**WHAT IS NEEDED**
Everything from the line containing "Former MAACO Body Shop" to the close of the listing below should be retyped exactly, and nothing before it.

##### PROVIDED DATA

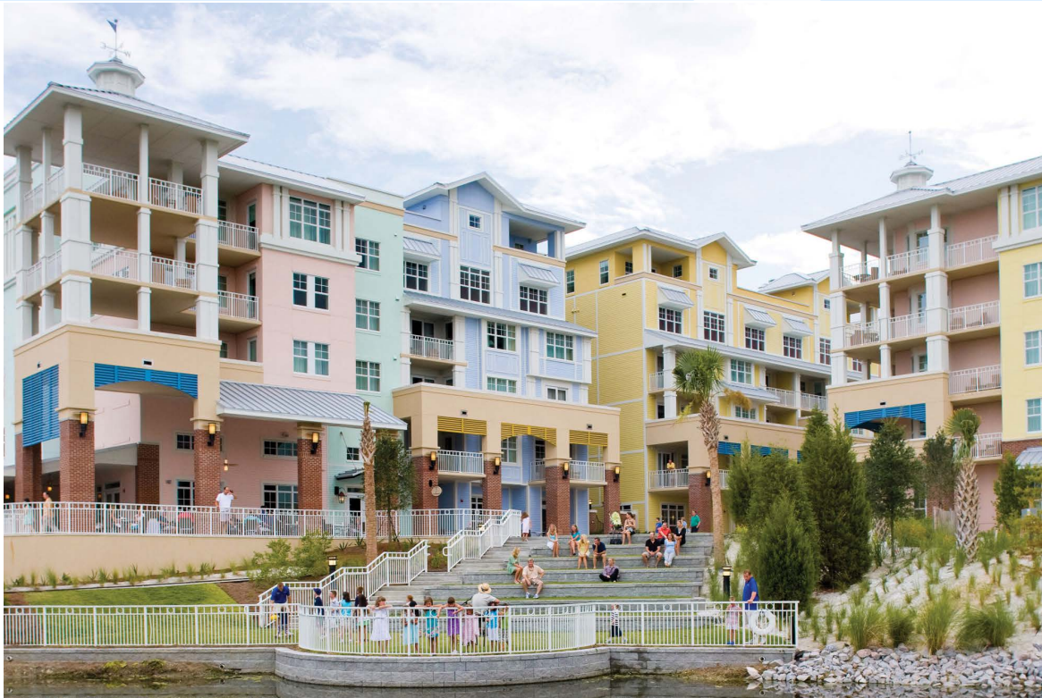
Wild Dunes Resort

Lovely Isle of Palms is a quiet, undiscovered paradise and Wild Dunes Resort is the perfect place to enjoy it. Hotel rooms, condos, and rental homes are all available and the resort comes complete with plenty of pools, kayaking and other water sports, fishing, tennis, bike rentals, a kids camp, and, of course, the beautiful beaches on the island. There are plenty of restaurants available but pop in Hudson's Market for deli sandwiches, chips, cookies, drinks, and have a picnic right on the beach!
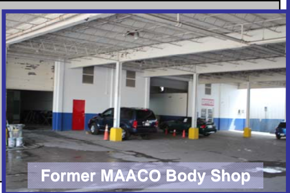
Former MAACO Body Shop

Just off NW 103rd Street and the Palmetto Expressway

##########

**ANSWER SPACE**
Former MAACO Body Shop

Just off NW 103rd Street and the Palmetto Expressway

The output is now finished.